Given material:
____
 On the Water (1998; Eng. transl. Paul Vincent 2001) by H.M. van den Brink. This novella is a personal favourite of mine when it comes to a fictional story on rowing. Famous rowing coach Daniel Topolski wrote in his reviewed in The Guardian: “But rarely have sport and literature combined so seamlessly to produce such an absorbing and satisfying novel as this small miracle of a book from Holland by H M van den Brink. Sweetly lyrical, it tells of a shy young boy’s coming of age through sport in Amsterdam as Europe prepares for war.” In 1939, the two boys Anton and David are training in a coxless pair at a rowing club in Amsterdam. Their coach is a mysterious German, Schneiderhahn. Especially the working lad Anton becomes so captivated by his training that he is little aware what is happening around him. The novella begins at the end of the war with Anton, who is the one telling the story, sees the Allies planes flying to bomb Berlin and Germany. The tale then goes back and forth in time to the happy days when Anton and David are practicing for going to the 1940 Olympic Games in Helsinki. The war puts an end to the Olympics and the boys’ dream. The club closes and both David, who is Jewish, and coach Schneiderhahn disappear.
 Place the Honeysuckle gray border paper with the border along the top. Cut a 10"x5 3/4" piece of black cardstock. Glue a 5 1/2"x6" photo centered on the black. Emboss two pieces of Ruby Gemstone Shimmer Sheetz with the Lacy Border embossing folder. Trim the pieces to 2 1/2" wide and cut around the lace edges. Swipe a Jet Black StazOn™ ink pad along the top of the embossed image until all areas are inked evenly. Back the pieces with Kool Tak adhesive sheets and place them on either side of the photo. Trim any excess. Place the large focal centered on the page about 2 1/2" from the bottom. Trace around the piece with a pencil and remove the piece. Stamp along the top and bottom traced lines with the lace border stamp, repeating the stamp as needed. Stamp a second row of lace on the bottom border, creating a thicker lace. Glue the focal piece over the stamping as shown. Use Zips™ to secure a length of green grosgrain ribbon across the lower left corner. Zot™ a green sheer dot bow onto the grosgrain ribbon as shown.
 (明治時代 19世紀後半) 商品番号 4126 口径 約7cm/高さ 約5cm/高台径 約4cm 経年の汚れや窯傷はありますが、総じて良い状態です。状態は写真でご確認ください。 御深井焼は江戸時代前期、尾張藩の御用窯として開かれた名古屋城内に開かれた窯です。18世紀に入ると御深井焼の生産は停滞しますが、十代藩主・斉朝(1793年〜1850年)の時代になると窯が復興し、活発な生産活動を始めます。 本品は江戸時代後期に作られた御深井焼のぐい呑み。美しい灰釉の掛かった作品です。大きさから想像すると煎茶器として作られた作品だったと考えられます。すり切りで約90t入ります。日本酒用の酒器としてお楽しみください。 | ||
____
Description of the task:
Leaving out all lines before the one containing "Place the Honeysuckle", copy that line and the rest through the end of the listing above exactly.

Answer:
 Place the Honeysuckle gray border paper with the border along the top. Cut a 10"x5 3/4" piece of black cardstock. Glue a 5 1/2"x6" photo centered on the black. Emboss two pieces of Ruby Gemstone Shimmer Sheetz with the Lacy Border embossing folder. Trim the pieces to 2 1/2" wide and cut around the lace edges. Swipe a Jet Black StazOn™ ink pad along the top of the embossed image until all areas are inked evenly. Back the pieces with Kool Tak adhesive sheets and place them on either side of the photo. Trim any excess. Place the large focal centered on the page about 2 1/2" from the bottom. Trace around the piece with a pencil and remove the piece. Stamp along the top and bottom traced lines with the lace border stamp, repeating the stamp as needed. Stamp a second row of lace on the bottom border, creating a thicker lace. Glue the focal piece over the stamping as shown. Use Zips™ to secure a length of green grosgrain ribbon across the lower left corner. Zot™ a green sheer dot bow onto the grosgrain ribbon as shown.
 (明治時代 19世紀後半) 商品番号 4126 口径 約7cm/高さ 約5cm/高台径 約4cm 経年の汚れや窯傷はありますが、総じて良い状態です。状態は写真でご確認ください。 御深井焼は江戸時代前期、尾張藩の御用窯として開かれた名古屋城内に開かれた窯です。18世紀に入ると御深井焼の生産は停滞しますが、十代藩主・斉朝(1793年〜1850年)の時代になると窯が復興し、活発な生産活動を始めます。 本品は江戸時代後期に作られた御深井焼のぐい呑み。美しい灰釉の掛かった作品です。大きさから想像すると煎茶器として作られた作品だったと考えられます。すり切りで約90t入ります。日本酒用の酒器としてお楽しみください。 | ||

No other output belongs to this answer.